GALLIPOLIS — Paint Creek Baptist Church will be hosting the 27th Annual Black History Program Feb. 24 and feature Dr. John Mattox, founder and curator of the Underground Railroad Museum Foundation in Flushing.
The morning will begin at 10:30 a.m. with a concert by local talent and the afternoon will feature Mattox. Mattox received his degree in sociology and psychology from Houston Tillitson College, Austin, Texas.
All are welcome to join the conversation as Mattox shares his knowledge of the Underground Railroad movement and the thousands who escaped slavery. Mattox also served as last year’s Emancipation Celebration Weekend keynote speaker in September 2017 at the Bob Evans Farm.
“I want you to know that there is a lot for you to see,” said Mattox previously of the museum to Emancipation Celebration visitors. “You know that old fable? Don’t want to talk about it? Well let’s talk about it (the challenges of the past). Let’s talk about our ancestors because some of you sitting in front of me seem to be about my age…And what I want you to know is that some of these young children to hear us today are the leaders of tomorrow. We must listen to them even though the things that they say we may not understand.”
Mattox emphasized the needs of education and reunions as a means of keeping the past alive and making certain youth understood where it came from and how that affected their futures.
In a conversational tone, Mattox shared his knowledge of African American history such as how in his studies the country of Ethiopia was the first one named in the Bible. Mattox said the word “seasoning” had changed much with time as it was once originally used to describe the processes used to prepare a slave for auctioning after coming off ship.
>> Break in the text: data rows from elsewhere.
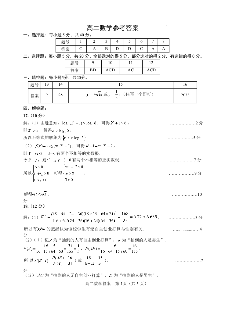 山东省威海市2024届下学期期末考试数学答案
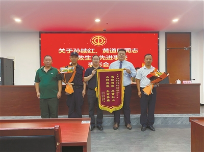 7月18日下午,省职工服务中心召开表彰大会,对孙续红和黄道明进行表彰。获救男子的亲属代表唐夫玉也到场送上了“及时施救、生命再续”的锦旗和鲜花表示感谢。据了解,该男子名叫邢启普,山东人,这次是来省职工服务中心应聘保安,没想到在应聘过程中突发心梗。中心和物业公司人员去医院看望时,邢启普的妻子一再感谢:“多亏了你们及时抢救,挽救了我丈夫的生命。医生在病房外告诉我,如果不是在救护车到来之前你们坚持心肺复苏,他很可能就抢救不过来了。”
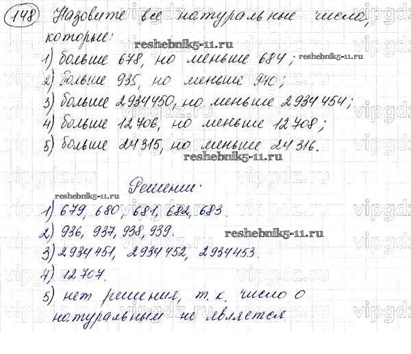 Готовая домашняя работа с ответами по Математике за 5 класс Мерзляк, Полонский, Якир Учебник Алгоритм успеха Вентана-граф 2016 ФГОС - §6. Сравнение натуральных чисел 148
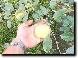 りんごの実 7月には、もうゴルフボールより大きくなります。(ふじ) |
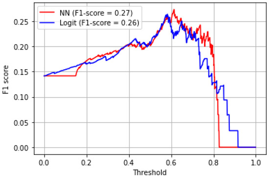 Figure 10 shows the F1 score for the range of cut-off probabilities. The neural network model achieves a higher F1 score than the linear model for almost the entire probability range. The curve related to the machine learning model is generally above the curve of the linear model, which indicates that it generally performs better for the range of cut-off probabilities. On the other hand, similar models [24] achieve higher performance metrics for the F1 score and AUC score. However, the methodology presented here supports the idea that machine learning methodologies perform better than logistic regression which represents a traditional classification framework.
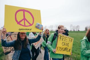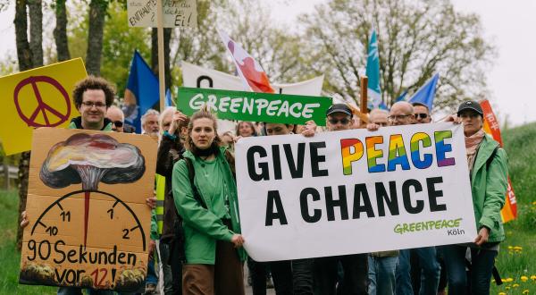 2020 hat Greenpeace unsere Vision einer friedlichen Welt im Greenpeace-Friedensmanifest formuliert. Über 40.000 Menschen haben bereits unterzeichnet. Auch dieses Jahr sind Greenpeace-Gruppen bei den Osterdemos mit dabei. Schwerpunkt ist der Osterdemos am Fliegerhorst Büchel in Rheinland-Pfalz gegen die Stationierung von US-Atombomben in Deutschland.
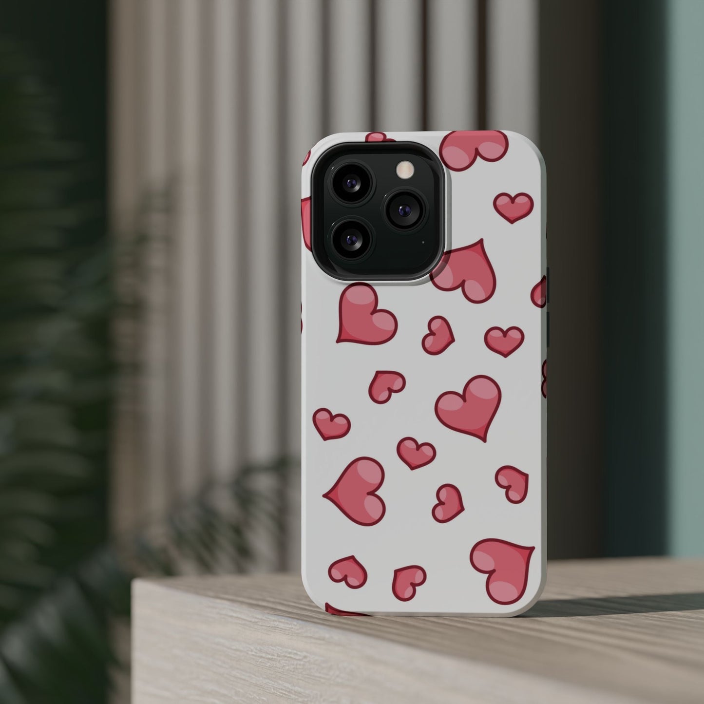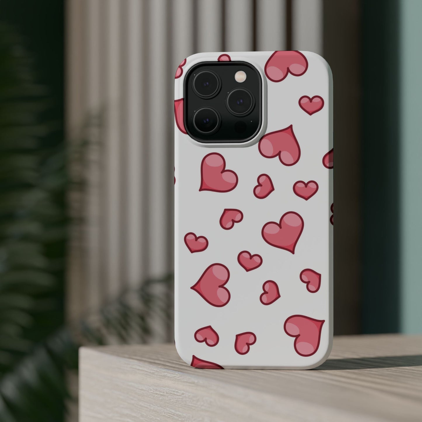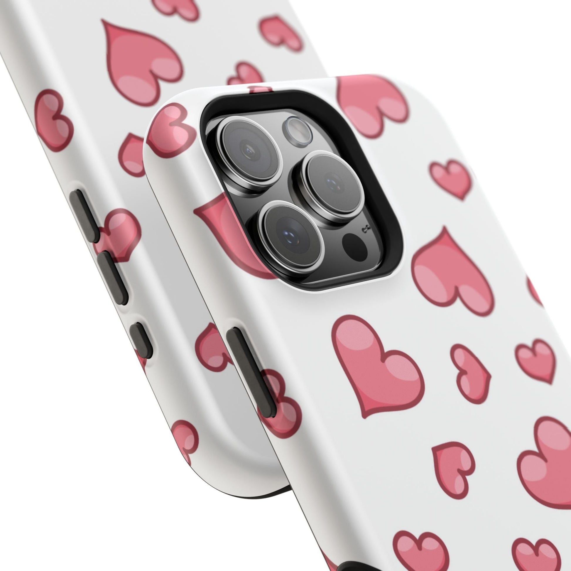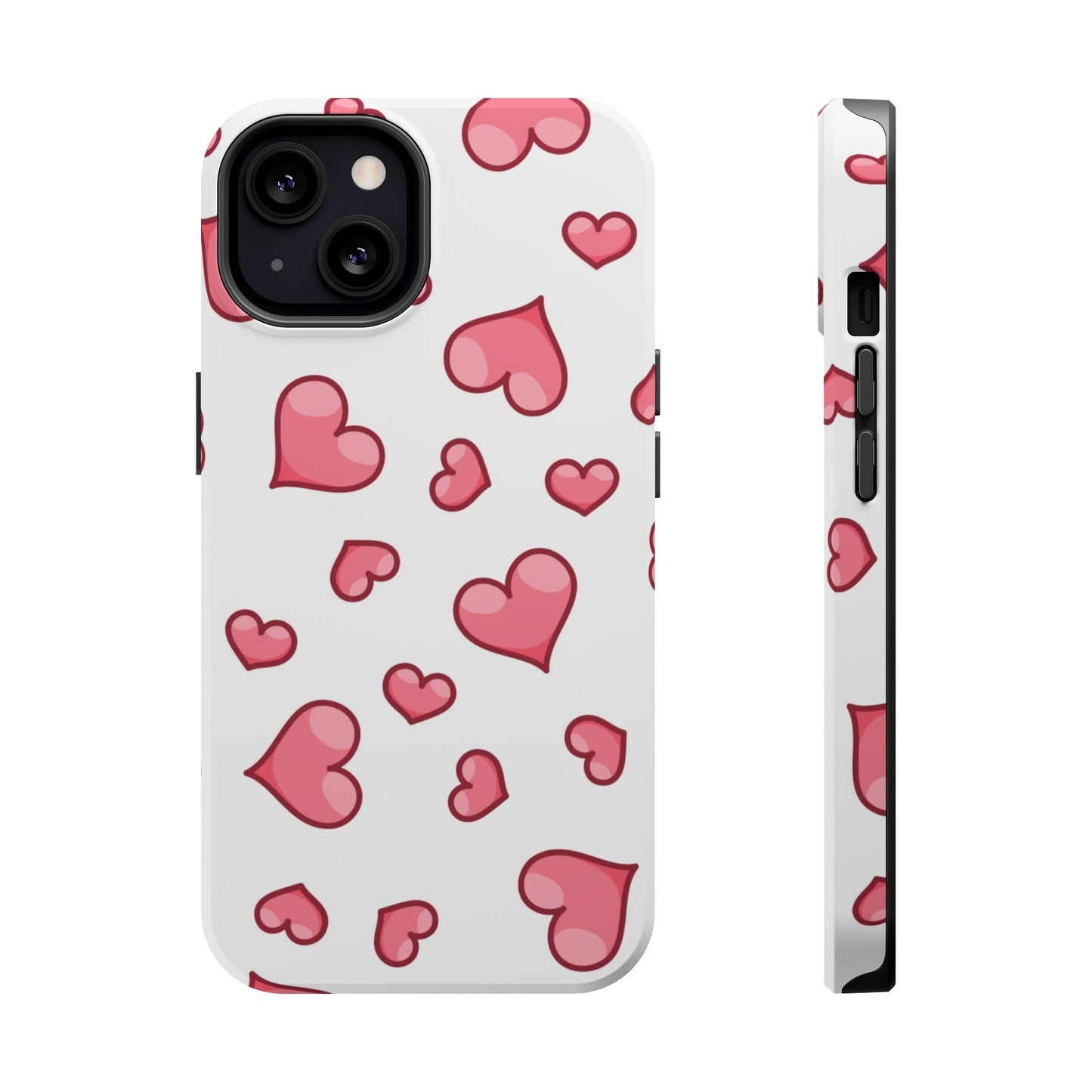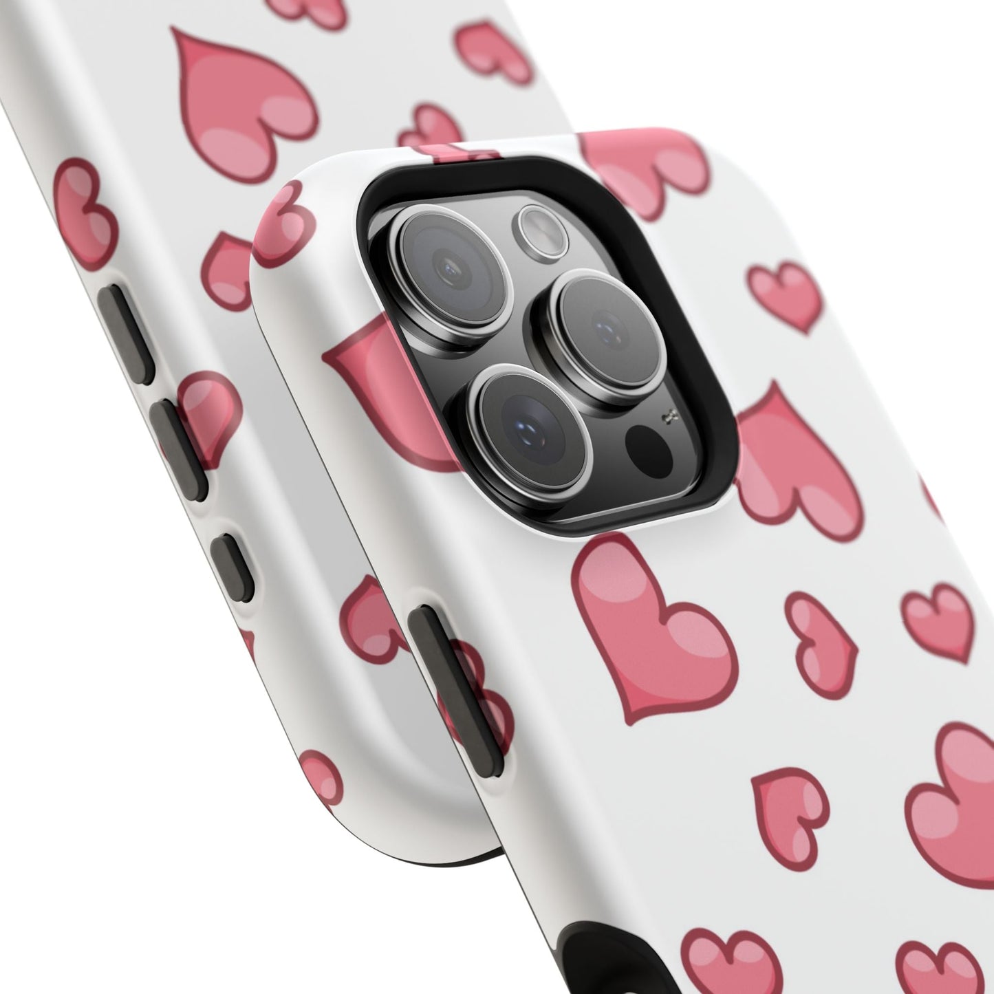 Let your heart flutter with our Scattered Hearts MagSafe iPhone Case! This charming design features a playful pattern of scattered pink hearts of various sizes, creating a romantic and cheerful vibe. It's the perfect case for those who love all things cute and gir...

“Every one of you can search out your lineage without going to ancestry.com,” said Mattox. “Just find out where those great-great- grandparents came from. I guarantee there was a church there, and if there was a church there, there was a cemetery there. And if there was a cemetery there, there’s names on those stones. You may not find your last name but you’ll find a last name of somebody that still lives in that area. Now, how hard can that be? I’ve given you the (motivation) now take it, and go this way, and this way, and this way.”
Mattox commented on how learning history was much like the Underground Railroad, there was always something new to find when wandering in a new direction.